DATA SECTION:
★ ★ ★ ★

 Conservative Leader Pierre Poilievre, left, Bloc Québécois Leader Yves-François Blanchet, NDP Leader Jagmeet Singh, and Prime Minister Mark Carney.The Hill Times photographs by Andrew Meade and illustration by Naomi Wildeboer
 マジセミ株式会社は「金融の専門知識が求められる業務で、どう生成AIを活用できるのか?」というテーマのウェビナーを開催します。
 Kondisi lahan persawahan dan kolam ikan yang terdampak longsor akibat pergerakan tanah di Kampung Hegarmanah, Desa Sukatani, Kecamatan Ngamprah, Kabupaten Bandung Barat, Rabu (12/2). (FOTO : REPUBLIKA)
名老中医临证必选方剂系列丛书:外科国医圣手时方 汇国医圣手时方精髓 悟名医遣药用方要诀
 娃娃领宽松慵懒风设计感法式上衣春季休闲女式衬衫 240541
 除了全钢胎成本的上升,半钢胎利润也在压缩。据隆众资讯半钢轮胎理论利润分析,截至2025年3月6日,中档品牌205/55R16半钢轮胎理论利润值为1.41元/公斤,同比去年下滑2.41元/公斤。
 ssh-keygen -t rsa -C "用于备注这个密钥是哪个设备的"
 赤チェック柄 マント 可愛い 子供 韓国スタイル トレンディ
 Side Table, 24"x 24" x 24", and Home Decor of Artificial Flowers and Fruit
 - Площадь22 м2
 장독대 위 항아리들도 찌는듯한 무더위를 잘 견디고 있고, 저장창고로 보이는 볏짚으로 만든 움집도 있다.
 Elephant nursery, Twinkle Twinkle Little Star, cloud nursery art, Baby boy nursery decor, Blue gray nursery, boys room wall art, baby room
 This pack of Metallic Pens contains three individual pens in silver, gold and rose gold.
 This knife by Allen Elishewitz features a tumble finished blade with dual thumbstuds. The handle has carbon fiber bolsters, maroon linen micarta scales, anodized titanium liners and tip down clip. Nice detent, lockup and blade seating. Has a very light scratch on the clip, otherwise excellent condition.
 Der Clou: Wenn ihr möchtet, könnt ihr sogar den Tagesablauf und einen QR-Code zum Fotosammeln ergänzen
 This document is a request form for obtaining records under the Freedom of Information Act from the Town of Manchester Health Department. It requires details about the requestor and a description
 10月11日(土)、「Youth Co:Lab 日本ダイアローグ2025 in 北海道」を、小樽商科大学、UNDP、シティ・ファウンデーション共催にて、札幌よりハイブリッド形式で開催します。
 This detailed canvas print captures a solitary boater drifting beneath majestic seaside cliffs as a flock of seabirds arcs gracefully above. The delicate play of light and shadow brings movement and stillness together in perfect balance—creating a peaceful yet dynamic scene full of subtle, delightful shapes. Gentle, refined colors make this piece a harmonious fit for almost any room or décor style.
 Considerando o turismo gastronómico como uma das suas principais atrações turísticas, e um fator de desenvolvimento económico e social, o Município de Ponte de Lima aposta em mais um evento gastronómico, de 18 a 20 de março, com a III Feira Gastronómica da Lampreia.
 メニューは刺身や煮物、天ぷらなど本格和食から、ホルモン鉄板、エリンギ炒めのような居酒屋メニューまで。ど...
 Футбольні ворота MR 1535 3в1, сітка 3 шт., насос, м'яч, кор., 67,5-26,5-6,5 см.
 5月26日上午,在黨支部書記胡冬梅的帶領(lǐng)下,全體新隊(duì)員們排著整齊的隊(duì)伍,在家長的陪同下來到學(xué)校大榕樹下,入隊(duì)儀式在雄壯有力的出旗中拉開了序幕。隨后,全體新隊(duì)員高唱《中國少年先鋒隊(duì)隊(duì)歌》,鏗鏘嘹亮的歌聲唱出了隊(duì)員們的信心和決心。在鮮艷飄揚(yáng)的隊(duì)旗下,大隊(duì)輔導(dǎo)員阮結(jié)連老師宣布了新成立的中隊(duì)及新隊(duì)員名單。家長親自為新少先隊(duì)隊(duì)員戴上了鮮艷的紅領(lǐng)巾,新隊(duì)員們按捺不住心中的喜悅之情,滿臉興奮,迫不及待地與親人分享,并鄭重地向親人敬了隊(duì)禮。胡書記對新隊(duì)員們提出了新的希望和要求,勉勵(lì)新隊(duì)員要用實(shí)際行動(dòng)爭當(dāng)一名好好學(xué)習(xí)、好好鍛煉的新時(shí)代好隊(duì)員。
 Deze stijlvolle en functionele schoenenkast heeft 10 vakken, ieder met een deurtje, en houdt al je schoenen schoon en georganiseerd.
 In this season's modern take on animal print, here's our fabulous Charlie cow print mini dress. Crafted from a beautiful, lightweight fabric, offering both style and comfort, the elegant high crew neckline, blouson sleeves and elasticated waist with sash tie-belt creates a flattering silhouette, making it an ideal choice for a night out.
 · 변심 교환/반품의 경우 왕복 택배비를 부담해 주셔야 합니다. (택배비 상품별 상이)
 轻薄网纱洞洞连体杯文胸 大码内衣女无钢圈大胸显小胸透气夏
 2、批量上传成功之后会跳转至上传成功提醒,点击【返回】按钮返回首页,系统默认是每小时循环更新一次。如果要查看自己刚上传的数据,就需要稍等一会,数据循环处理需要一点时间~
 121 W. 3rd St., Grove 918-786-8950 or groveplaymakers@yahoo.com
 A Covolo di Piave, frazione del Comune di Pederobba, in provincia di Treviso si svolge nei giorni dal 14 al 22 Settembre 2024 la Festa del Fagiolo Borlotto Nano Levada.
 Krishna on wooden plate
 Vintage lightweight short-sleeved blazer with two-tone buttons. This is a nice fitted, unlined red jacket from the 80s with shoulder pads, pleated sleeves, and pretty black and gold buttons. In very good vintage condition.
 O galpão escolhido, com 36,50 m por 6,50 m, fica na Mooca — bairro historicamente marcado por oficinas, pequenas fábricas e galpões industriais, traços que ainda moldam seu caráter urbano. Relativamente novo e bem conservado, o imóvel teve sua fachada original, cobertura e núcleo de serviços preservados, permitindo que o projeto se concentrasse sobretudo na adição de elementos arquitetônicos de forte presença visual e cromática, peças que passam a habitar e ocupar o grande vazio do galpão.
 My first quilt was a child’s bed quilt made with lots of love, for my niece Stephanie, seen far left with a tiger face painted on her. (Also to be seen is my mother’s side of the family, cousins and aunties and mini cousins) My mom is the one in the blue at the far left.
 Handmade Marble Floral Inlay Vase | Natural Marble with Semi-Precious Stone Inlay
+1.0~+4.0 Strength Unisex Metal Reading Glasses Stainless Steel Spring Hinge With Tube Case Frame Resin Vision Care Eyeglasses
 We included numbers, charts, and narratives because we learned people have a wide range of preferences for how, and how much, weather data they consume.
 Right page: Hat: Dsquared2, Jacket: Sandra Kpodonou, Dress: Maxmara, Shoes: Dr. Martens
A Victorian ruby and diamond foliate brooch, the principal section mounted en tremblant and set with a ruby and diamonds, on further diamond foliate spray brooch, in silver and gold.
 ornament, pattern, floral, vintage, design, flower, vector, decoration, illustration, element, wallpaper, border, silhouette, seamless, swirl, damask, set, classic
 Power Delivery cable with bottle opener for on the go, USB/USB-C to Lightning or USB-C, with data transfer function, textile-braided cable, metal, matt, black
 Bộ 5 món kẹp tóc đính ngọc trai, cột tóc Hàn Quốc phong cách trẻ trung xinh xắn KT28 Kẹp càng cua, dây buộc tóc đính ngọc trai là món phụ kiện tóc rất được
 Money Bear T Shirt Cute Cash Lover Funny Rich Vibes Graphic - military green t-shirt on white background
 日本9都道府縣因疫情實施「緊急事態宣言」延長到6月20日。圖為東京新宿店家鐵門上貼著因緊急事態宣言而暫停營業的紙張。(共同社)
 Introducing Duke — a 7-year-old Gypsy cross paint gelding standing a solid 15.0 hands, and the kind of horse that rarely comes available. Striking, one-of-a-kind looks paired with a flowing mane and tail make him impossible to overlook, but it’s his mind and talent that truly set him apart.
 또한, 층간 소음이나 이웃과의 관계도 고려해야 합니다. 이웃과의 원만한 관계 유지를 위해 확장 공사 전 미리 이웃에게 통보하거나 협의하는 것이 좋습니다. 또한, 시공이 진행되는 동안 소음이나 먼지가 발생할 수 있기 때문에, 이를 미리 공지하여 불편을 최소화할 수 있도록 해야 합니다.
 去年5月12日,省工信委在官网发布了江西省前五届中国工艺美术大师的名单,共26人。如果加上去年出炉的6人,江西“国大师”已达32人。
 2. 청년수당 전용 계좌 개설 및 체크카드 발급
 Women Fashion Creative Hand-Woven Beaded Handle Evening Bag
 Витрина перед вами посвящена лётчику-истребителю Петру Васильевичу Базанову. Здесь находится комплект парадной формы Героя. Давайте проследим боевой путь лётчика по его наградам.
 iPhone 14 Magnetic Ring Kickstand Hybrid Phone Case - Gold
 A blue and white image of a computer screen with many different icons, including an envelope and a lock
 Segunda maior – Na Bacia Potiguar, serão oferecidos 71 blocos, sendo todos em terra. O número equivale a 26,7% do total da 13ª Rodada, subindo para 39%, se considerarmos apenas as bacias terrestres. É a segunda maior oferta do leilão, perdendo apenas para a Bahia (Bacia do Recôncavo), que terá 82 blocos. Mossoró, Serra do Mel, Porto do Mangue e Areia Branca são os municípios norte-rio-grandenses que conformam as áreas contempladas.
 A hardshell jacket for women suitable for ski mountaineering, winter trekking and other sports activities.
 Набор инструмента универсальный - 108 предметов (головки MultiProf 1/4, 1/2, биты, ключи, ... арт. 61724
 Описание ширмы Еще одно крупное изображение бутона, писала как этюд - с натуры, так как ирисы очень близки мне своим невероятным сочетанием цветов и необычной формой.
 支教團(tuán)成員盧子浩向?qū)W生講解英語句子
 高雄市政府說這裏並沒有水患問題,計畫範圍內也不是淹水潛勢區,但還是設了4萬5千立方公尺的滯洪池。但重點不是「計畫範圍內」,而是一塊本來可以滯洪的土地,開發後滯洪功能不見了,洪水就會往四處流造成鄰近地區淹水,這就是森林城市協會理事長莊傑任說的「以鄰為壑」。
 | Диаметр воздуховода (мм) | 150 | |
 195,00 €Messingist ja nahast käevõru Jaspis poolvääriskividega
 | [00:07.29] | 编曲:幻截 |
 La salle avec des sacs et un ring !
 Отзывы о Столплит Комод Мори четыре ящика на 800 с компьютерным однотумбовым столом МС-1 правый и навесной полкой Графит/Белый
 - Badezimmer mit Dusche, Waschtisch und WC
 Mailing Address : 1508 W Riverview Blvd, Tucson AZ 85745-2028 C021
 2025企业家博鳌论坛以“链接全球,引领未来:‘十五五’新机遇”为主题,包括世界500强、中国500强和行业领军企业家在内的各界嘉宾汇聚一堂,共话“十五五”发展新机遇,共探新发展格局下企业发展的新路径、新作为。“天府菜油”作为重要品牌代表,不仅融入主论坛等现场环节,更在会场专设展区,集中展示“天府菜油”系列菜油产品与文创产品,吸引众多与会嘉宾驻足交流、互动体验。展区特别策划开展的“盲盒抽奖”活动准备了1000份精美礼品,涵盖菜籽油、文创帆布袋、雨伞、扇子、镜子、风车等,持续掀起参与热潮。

★ ★ ★ ★

Scan the records above for the string "Case", then report every line that contains it.

SOLUTION FOR THIS TASK:
+1.0~+4.0 Strength Unisex Metal Reading Glasses Stainless Steel Spring Hinge With Tube Case Frame Resin Vision Care Eyeglasses
 iPhone 14 Magnetic Ring Kickstand Hybrid Phone Case - Gold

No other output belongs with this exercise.